The following reaction is first order, C2H6==> 2CH3. If the rate constant is equal to 5.5 x 10-4 s^-1 at 1000 K, how long will it take for 0.35 mol of C2H6 in a 1.00 L container to decrease to 0.20 mol in the same container?
Thank you very much
I'm not surprised. Why did you substitute 1000 for k? The problem states k = 5.5 x 10^-4 s^-1. You substituted 1000 Kelvin which is the temperature.
ok i got i now thank you very much
ln(No/N)
=ln(0.35/0.20)
= 0.559
0.559/5.5*10-4
=1017.48
=17mins
ln(No/N) = kt
ln(0.35/0.20) = kt
Substitute for k and calculate t. The calculated time will be in seconds.
ln(No/N) = kt
ln(0.35/0.20) = kt
ln(0.35/0.20)=1000*t
ln(0.35/0.20)/(1000)=5.59
but that answer is not on my worksheet im i doing something wrong?

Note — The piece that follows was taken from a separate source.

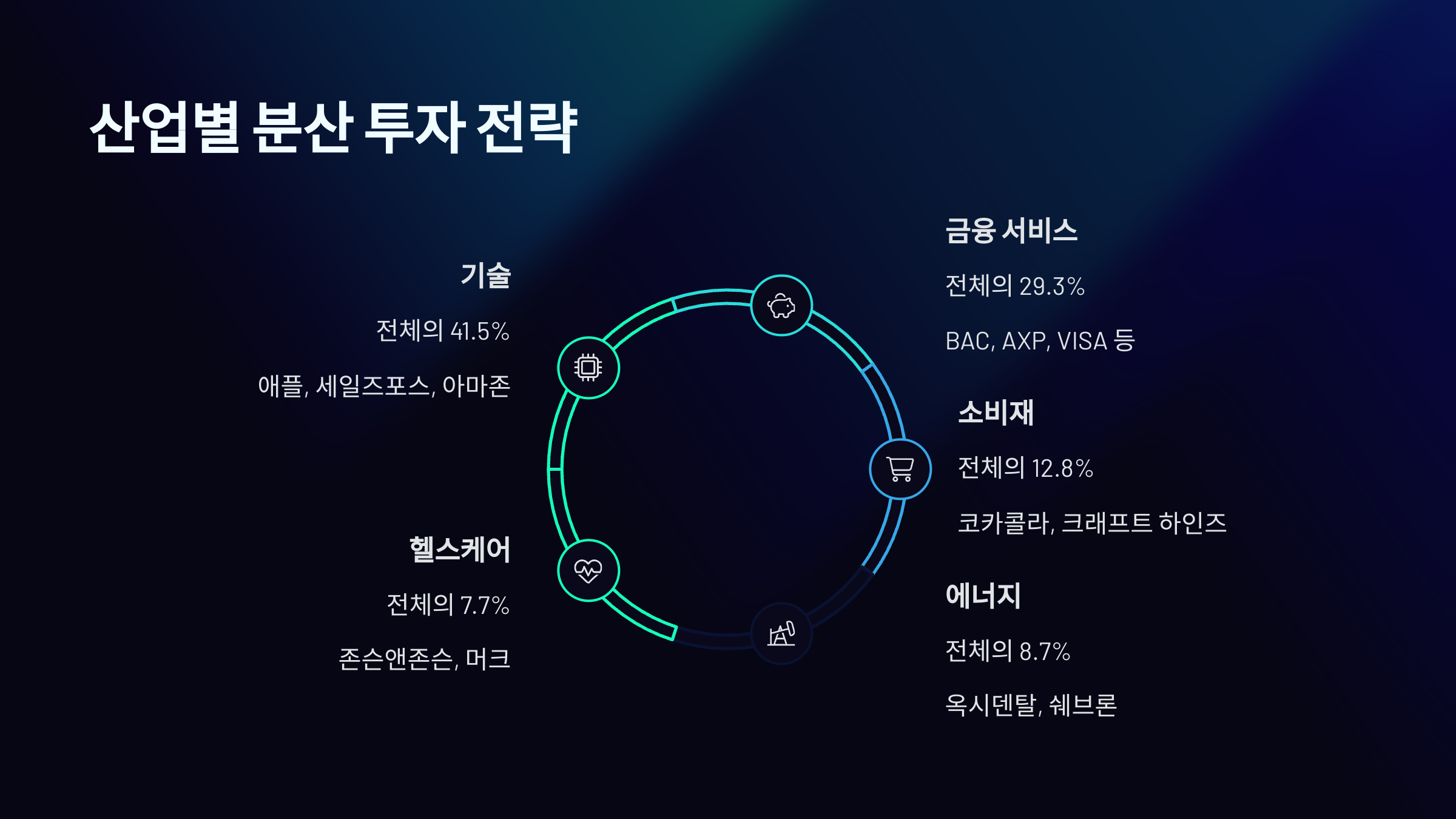 워렌 버핏의 포트폴리오는 처음 보면 애플 중심의 '집중투자'처럼 보여요. 하지만 자세히 들여다보면 산업 분산이 잘 되어 있어요. 기술, 금융, 소비재, 에너지, 운송 등 다양한 분야에 걸쳐 리스크를 나누고 있죠.

oh haha i didn't notice i feel dumb now
i am trying to find tis answer but I m getting different result
To solve this problem, we can use the first-order rate equation:
rate = k * [C2H6]
Where:
rate = rate of reaction
k = rate constant
[C2H6] = concentration of C2H6
Given:
Rate constant, k = 5.5 x 10^-4 s^-1
Initial concentration, [C2H6]₀ = 0.35 mol/L
Final concentration, [C2H6] = 0.20 mol/L
We need to find the time it takes for the concentration of C2H6 to decrease from 0.35 mol/L to 0.20 mol/L.
First, let's calculate the rate of the reaction at the initial and final concentrations:
Rate at initial concentration, rate₀ = k * [C2H6]₀
Rate at final concentration, rate = k * [C2H6]
We know that the rate is inversely proportional to the concentration. Therefore, we can set up the following ratio:
rate / rate₀ = [C2H6] / [C2H6]₀
Substituting the values:
k * [C2H6] / (k * [C2H6]₀) = 0.20 mol/L / 0.35 mol/L
Simplifying:
[C2H6] / [C2H6]₀ = 0.20 mol/L / 0.35 mol/L
Now we can solve for [C2H6]:
[C2H6] = 0.20 mol/L / 0.35 mol/L * [C2H6]₀
[C2H6] = 0.20/0.35 * 0.35 mol/L
[C2H6] = 0.20 mol/L
Now, we need to find the time it takes for the concentration of C2H6 to decrease to 0.20 mol/L.
Using the first-order rate equation:
rate = k * [C2H6]
5.5 x 10^-4 s^-1 = k * 0.20 mol/L
Now, we solve for the time, t:
t = ln([C2H6]₀ / [C2H6]) / k
t = ln(0.35 mol/L / 0.20 mol/L) / (5.5 x 10^-4 s^-1)
Calculating the time:
t = ln(1.75) / (5.5 x 10^-4 s^-1)
t ≈ 9.86 s
Therefore, it will take approximately 9.86 seconds for the concentration of C2H6 to decrease from 0.35 mol/L to 0.20 mol/L.